Records for the exercise =>
*** Block opens ***
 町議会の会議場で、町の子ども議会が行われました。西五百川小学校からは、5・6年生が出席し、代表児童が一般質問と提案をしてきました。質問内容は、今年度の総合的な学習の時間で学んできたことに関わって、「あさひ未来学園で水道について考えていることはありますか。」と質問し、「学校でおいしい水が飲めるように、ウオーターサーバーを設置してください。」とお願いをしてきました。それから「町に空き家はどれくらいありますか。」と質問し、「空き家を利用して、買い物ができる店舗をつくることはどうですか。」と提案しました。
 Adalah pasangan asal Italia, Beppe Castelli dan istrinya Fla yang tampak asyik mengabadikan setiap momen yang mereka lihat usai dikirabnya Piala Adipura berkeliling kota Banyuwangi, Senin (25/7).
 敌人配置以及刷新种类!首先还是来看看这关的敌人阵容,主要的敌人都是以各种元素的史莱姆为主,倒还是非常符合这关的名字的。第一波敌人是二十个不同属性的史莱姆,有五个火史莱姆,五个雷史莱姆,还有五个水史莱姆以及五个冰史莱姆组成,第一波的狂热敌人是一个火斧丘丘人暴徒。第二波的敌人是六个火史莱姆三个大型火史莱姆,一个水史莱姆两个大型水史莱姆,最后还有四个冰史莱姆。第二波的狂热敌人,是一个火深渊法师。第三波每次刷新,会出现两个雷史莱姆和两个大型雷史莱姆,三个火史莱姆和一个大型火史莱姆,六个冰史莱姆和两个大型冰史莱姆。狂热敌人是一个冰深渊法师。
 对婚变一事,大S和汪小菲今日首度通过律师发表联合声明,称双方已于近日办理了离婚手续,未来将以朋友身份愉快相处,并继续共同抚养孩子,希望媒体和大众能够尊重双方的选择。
*** Block closes ***
*** Block opens ***
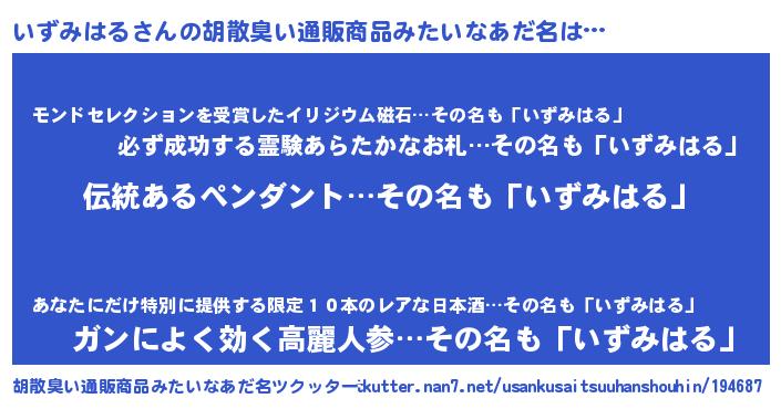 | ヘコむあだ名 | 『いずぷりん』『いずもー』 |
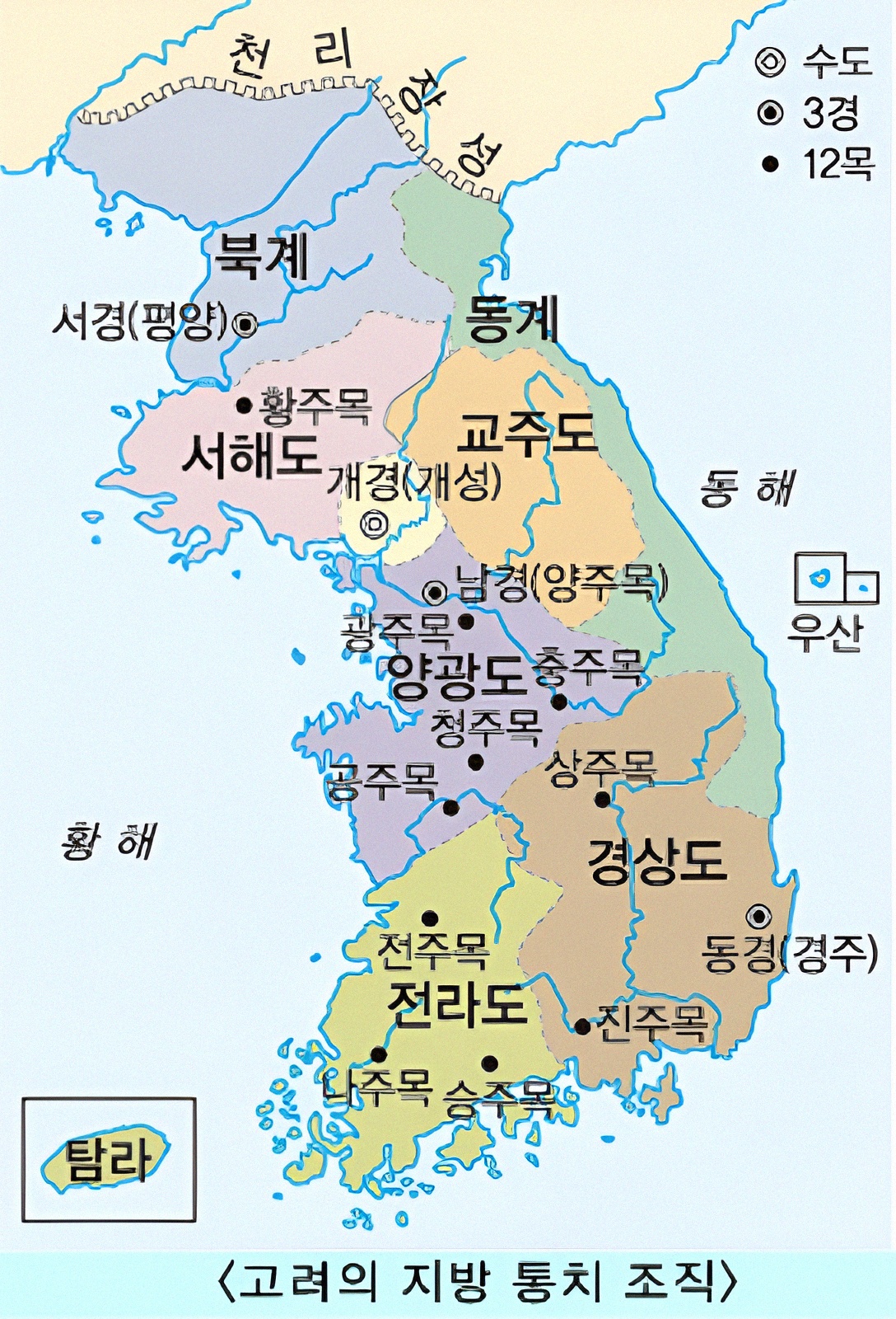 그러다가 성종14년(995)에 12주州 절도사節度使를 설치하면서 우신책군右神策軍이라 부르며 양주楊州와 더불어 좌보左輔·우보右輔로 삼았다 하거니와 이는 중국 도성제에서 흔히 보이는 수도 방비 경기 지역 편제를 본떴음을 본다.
*** Block closes ***
Within the listing above, give again exactly every line from the line with "町議会の会議場で、町の子ども" through the line with "对婚变一事,大S和汪小菲今日", both included, and no other line.

 町議会の会議場で、町の子ども議会が行われました。西五百川小学校からは、5・6年生が出席し、代表児童が一般質問と提案をしてきました。質問内容は、今年度の総合的な学習の時間で学んできたことに関わって、「あさひ未来学園で水道について考えていることはありますか。」と質問し、「学校でおいしい水が飲めるように、ウオーターサーバーを設置してください。」とお願いをしてきました。それから「町に空き家はどれくらいありますか。」と質問し、「空き家を利用して、買い物ができる店舗をつくることはどうですか。」と提案しました。
 Adalah pasangan asal Italia, Beppe Castelli dan istrinya Fla yang tampak asyik mengabadikan setiap momen yang mereka lihat usai dikirabnya Piala Adipura berkeliling kota Banyuwangi, Senin (25/7).
 敌人配置以及刷新种类!首先还是来看看这关的敌人阵容,主要的敌人都是以各种元素的史莱姆为主,倒还是非常符合这关的名字的。第一波敌人是二十个不同属性的史莱姆,有五个火史莱姆,五个雷史莱姆,还有五个水史莱姆以及五个冰史莱姆组成,第一波的狂热敌人是一个火斧丘丘人暴徒。第二波的敌人是六个火史莱姆三个大型火史莱姆,一个水史莱姆两个大型水史莱姆,最后还有四个冰史莱姆。第二波的狂热敌人,是一个火深渊法师。第三波每次刷新,会出现两个雷史莱姆和两个大型雷史莱姆,三个火史莱姆和一个大型火史莱姆,六个冰史莱姆和两个大型冰史莱姆。狂热敌人是一个冰深渊法师。
 对婚变一事,大S和汪小菲今日首度通过律师发表联合声明,称双方已于近日办理了离婚手续,未来将以朋友身份愉快相处,并继续共同抚养孩子,希望媒体和大众能够尊重双方的选择。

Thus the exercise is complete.